In a recent article, we explored the process and complexities of implementing screening mitigation for solar photovoltaics due to glint and glare impacts. Though implementing screening is the most common and suitable solution for ground-mounted solar schemes and/or ground-based observers, there are sometimes circumstances that mean screening is not able to sufficiently reduce the impact.
In this article we outline the technical mitigation options for solar photovoltaics and the process to finding a successful solution.
Technical Mitigation Solutions
The following technical mitigation solutions may be utilised to remove significant impacts:
Altering the Azimuth Angle
For a specular reflection from a flat surface, the angle of incidence is equal to the angle of reflection. This means that the azimuth angle can be altered in order to affect the path of the reflected light, moving the reflection away from particular receptors. This solution may also change the panels from which reflections are possible, which could be significant if the reflecting panels are now in a less sensitive location e.g., outside the pilot’s / road user’s main field of view.
Altering the Elevation Angle (Tilt)
Changing the vertical elevation angle of the solar panel can affect the path of the reflected light towards the receptor. This could change the time of day in which a solar reflection is predicted and therefore reduce its significance. In some instances a change in elevation angle can reduce the reflective footprint, particularly if the observer is in close proximity to the development.
This solution may also reduce the intensity of the reflection if moved into the early or late hours of the day as direct sunlight reduces in intensity during these times.
Implementing an Anti-Reflective Coating [Aviation Only]

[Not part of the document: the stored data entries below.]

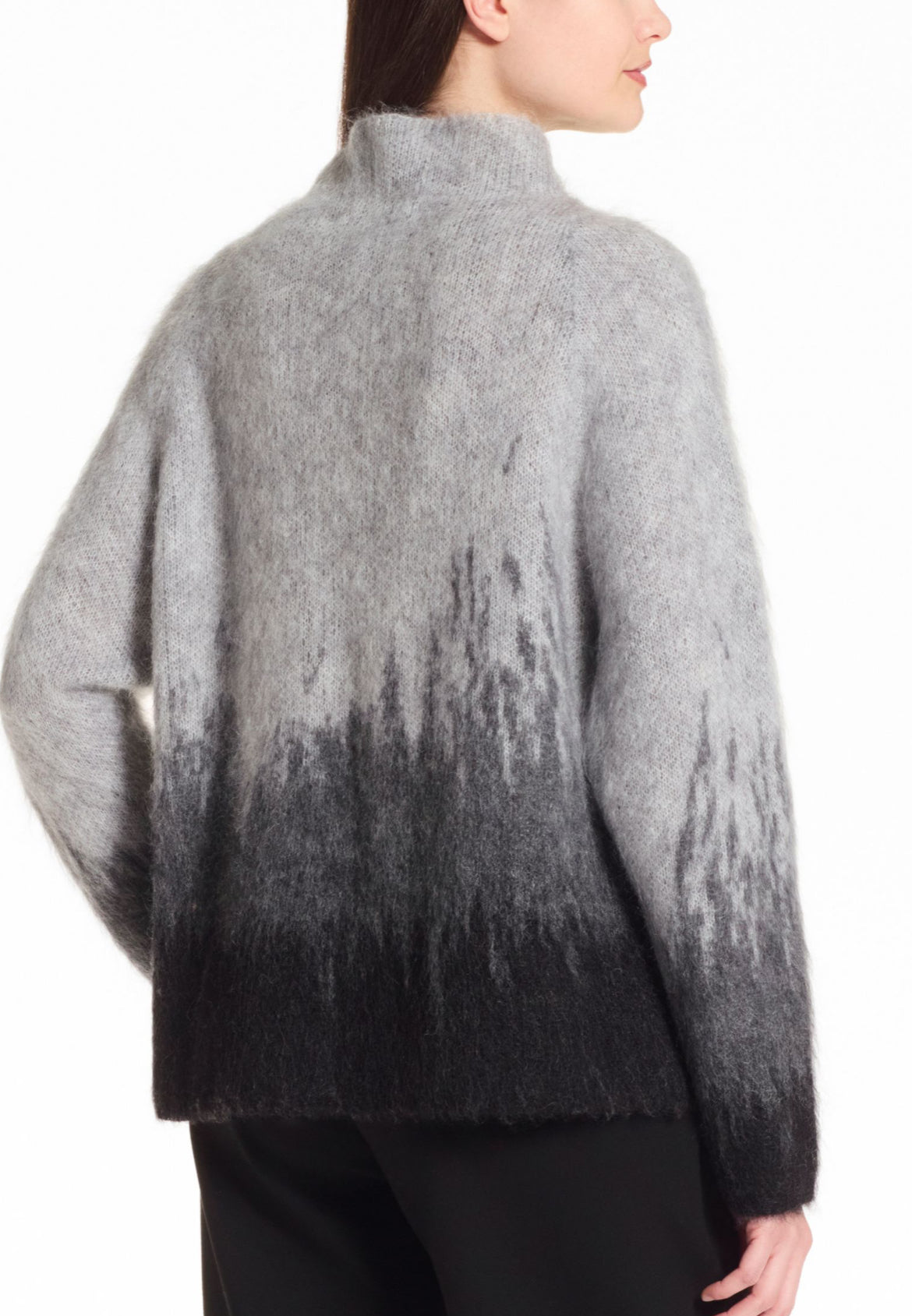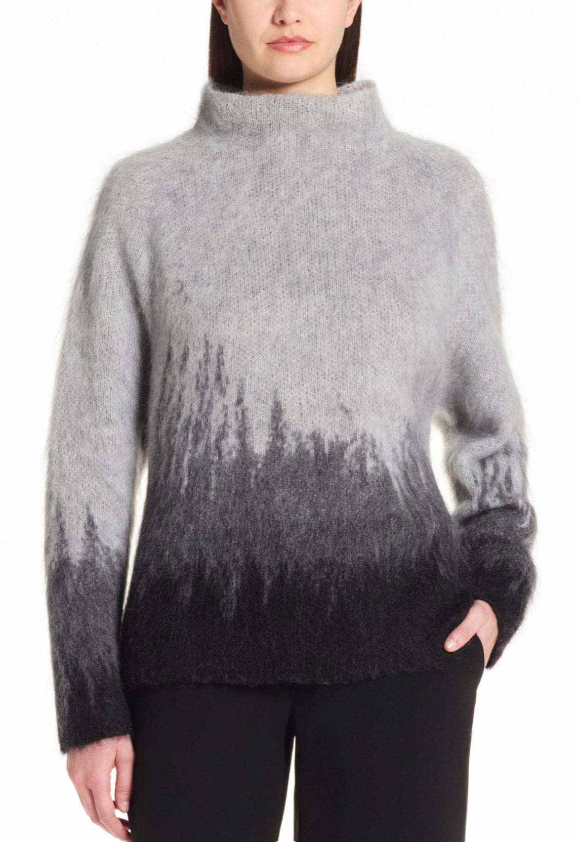 Crafted from a fine kid mohair blend, this funnel-neck sweater offers warmth with a sustainable touch. A soft ombré motif in brushed mohair produces a dreamlike effect, reminiscent of impressionist painting.
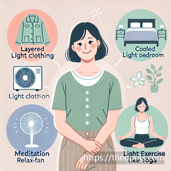 - 옷차림 조절: 얇은 옷을 겹쳐 입어 갑작스러운 열감에 쉽게 벗고 입을 수 있게 하세요.
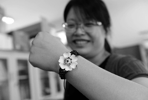 昨天,現(xiàn)代快報記者看到了王老師珍藏的這條手鏈。深藍色絲線打成一個個平結(jié),接口處則換成了好看的八字結(jié);這些漂亮的花結(jié)簇擁著一朵陶瓷蓮花,花瓣的尖端有著一點點靛藍,看上去十分嬌俏。

Glass with no coating is the worst-case scenario with respect to glint and glare as it will produce glare with the highest intensity. If an anti-reflective coating is used, this can reduce the significance of the solar reflection by reducing the intensity of the reflected light from the solar panels.
This solution is only feasible when the intensity of the reflection is marginally significant as anti-reflective coatings increase the level of scattering and are not guaranteed to sufficiently reduce the glare to acceptable intensities. If the intensity is not marginally significant, an anti-reflective coating is likely to exacerbate the impacts.
Panel Footprint Reduction [Aviation Only]
As the intensity of a reflection is correlated to the size of reflecting surface, a large solar panel area will produce reflections of higher intensity, and therefore more significant impacts, than smaller solar panel areas. It is therefore possible that reducing or breaking up the solar panel area will reduce the intensity of the reflections to acceptable levels.
Addressing Specific Areas
It is important to consider that significant impacts may only be predicted due to solar reflections originating from certain regions of the solar panel area. The identified solutions may therefore be used on certain regions of the entire panel area, as appropriate, in order to remove or reduce the significant impacts.
Combination of Solutions
It is possible that all of the outlined mitigation solutions can be used in combination to sufficiently reduce or remove significant impacts towards aviation receptors. This may mean that the proposed development is split up into multiple sections with varying azimuth and elevations angles.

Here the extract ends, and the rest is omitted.